EVEN 18 months ago Tasmanians were waiting longer than most other people in the country for elective surgery.
This year's Australian Productivity Commission's report on government services, released yesterday, revealed that 28 per cent of Tasmania's category 1 patients - the most urgent ones - had an extended wait for surgery in 2010-11.
The report comes two days after the release of health analyst Martyn Goddard's 32-page report, which labels Tasmania as the "nation's least economically efficient public hospital system".
Nearly 40 per cent of Tasmanian category 2 elective surgery patients and 28 per cent of category 3 elective surgery patients also had an extended wait for their procedures.
Only ACT and the Northern Territory's figures were worse - and that was in only one of the three categories of patient need.
In the ACT 55.1 per cent of category 2 elective surgery patients had an extended wait and in the Northern Territory 41.2 per cent of category 2 patients waited what was considered an extended length of time.
Both states were well below the Tasmanian percentage numbers of people waiting long periods of time for both their category 1 and category3 patients.

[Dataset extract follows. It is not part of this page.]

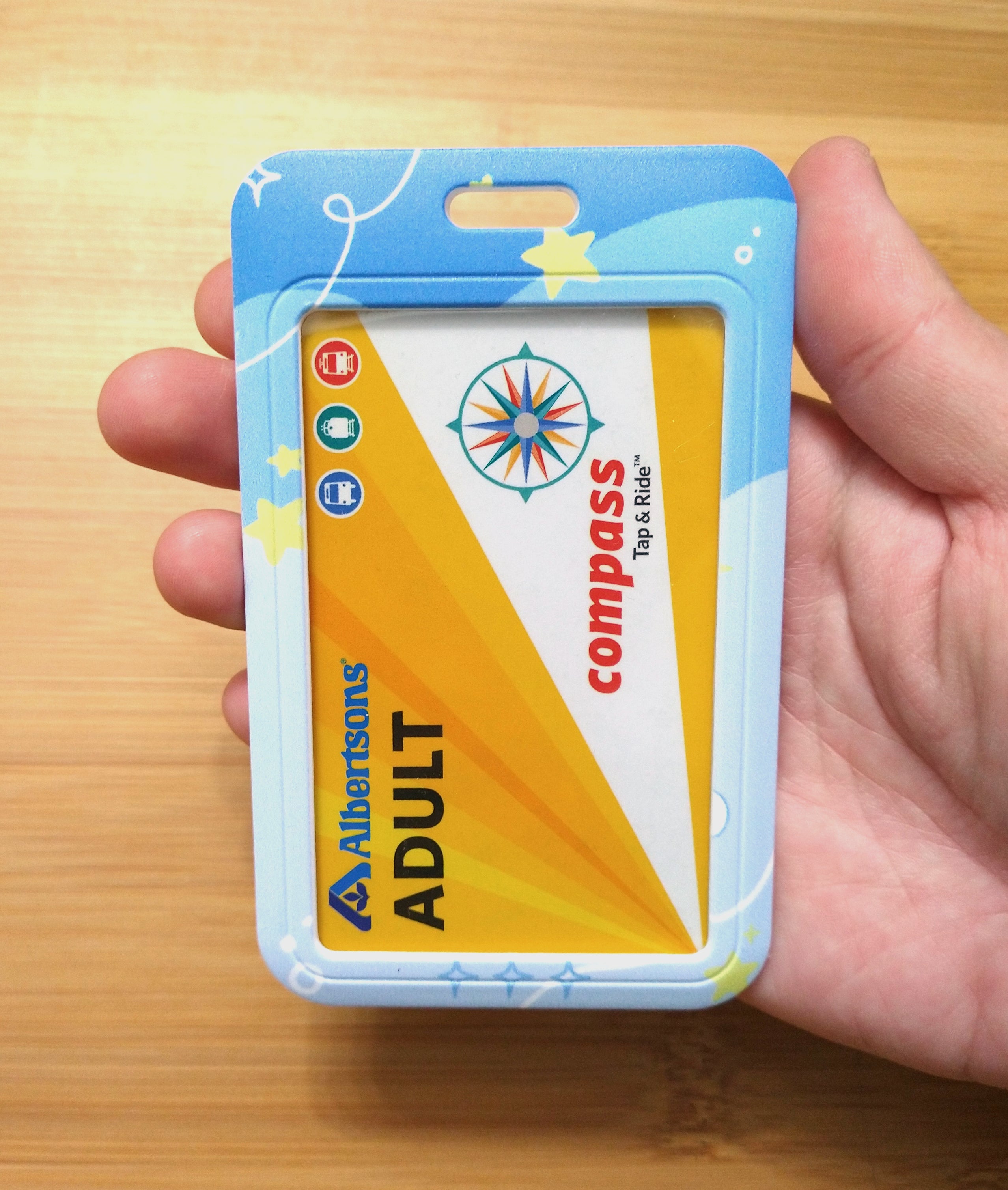The card holder can hold an ID, badge, bus pass, or anything else the size of a standard credit card (3.375 inches x 2.125 inches). A transparent window on the front displays the card. To insert or remove a card, slide the pieces apart as shown in the video~
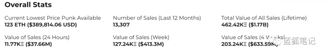 按照蓝狐笔记写稿时,Cryptopunks地板价为123ETH,相当于38.9万美元。

Tasmanian Health Minister Michelle O'Byrne said that the state was doing well based on the productivity commission figures despite increasing demand.
But the 18-month-old figures compiled before the worst of the state's savage health budget cuts were introduced instead indicated that the state's elective surgery crisis would only have deepened.
Tasmania's three major public acute care hospitals all closed operating theatres as part of budget cost cuts introduced from December 2011.
Ms O'Byrne said that the productivity commission figures showed that the number of full-time nurses in Tasmania per 100,000 people was well above the national average.
Other figures mentioned in the report no longer provided an accurate picture of the state of Tasmanian public health because of their age and the often significant change in circumstances since government budget cuts were introduced.
Tasmania does remain one of only two jurisdictions in Australia which provides a free ambulance service to the general public.